Eine Jury aus vier Personen bewertete die vielen Gedichte und traf eine Auswahl, weitere halfen bei der Gestaltung eines Covers und dem Setzen des Buchblocks, so dass in kürzester Zeit ein neues Buch entstanden war.

Nun möchte ich euch freudig verkünden, dass mein eingeschicktes Gedicht »Quarantäne« in das Buch aufgenommen wurde. Ihr erinnert euch vielleicht, dass es ein Gedicht bestehend aus nur einem Reim, also einem Haufenreim, war. Eine schöne Überraschung, damit unter den 100 besten Autorinnen und Autoren sein zu dürfen. Und das allerbeste: sämtlicher Gewinn, der bis Ende des Jahres mit dem Buch erzielt wird, kommt der Berliner Obdachlosenhilfe zu Gute.
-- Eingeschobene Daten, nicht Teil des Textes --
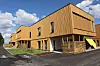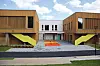 Bygget er tradisjonelt konstruert på betonggrunn med stålkonstruksjon og hulldekker. Fasadene har i hovedsak trekledning med spiler, med enkelte partier av gjennomfargede fibersement-plater. Det er også store innslag av glassarealer med vindusflater som gir mye dagslys.
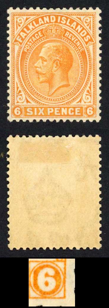 Falkland Is SG78 6d yellow-orange DAMAGED VALUE TABLET Wmk Script M/M

Bis jetzt wurden schon über zweitausend Bücher verkauft und eine zweite Auflage in Auftrag gegeben.

Mehr Informationen zum Projekt gibt es auf www.lockdownlyrik.de oder direkt beim Verlag www.trabantenverlag.de, wo man das Buch erwerben kann.

Obergimpern

Es trugen die Herren im Ort Obergimpern
Pomade im Haar und gestriegelte Wimpern,
Dann schloss der Barbier,
Seitdem können hier
Die Herren kaum blinzeln noch klimpern.

David Damm, 2021

Lockdown

Die Straßen und Gassen sind leer und verlassen,
Niemand geht raus zum Flanieren.
Vom Fenster aus sehe ich Füchse und Rehe,
Die Stadt gehört nur noch den Tieren.

David Damm, 2021

Atemlos

Wär ich jetzt am nördlichsten Pole,
Säß ich im Hafen auf der einsamen Mole,
Unter mir knärzte die faulige Bohle,
Überm Iglu wär Rauch schwarzer Kohle,
Am Himmel flöge eine traurige Dohle,
Neben mir läge eine scharfe Pistole,
Ich täte es nur der Menschheit zum Wohle:
Nie wieder sprühte ich Aerosole.

David Damm, 2021

Quarantäne

Die quirlige Qualle ist in Quarantäne,
Doch morgens vorm Frühstück putzt sie sich die Zähne,
Und kämmt vor dem Spiegel die wallende Mähne,
Ins hübsche Gesicht fällt ihr eine Strähne.

Die quirlige Qualle ist in Quarantäne,
Doch sie hatte eigentlich so viele Pläne,
Zum Einkauf am Markt mit Sprudelfontäne,
Zum Stadtpark, zum Teich, zum Füttern der Schwäne.

Die quirlige Qualle ist in Quarantäne,
Doch wäre sie gerne am Fluss, auch alleene,
Dort trieben die Bötchen, im Hafen die Kräne,
Die drehten sich rastlos und füllten Lastkähne.

Jetzt steht sie am Fenster und kriegt ’ne Migräne,
Am Baum klopft ein Specht, es fliegen die Späne,
Sie blickt auf die Uhr und verdrückt eine Träne,
Zwei Wochen sind um, adieu Quarantäne.

Sie freut sich und jubelt und springt auf die Beene,
Die quirlige Qualle war in Quarantäne,
Bevor ich’s vergesse und hier nicht erwähne
Die quirlige Qualle war in Quarantäne.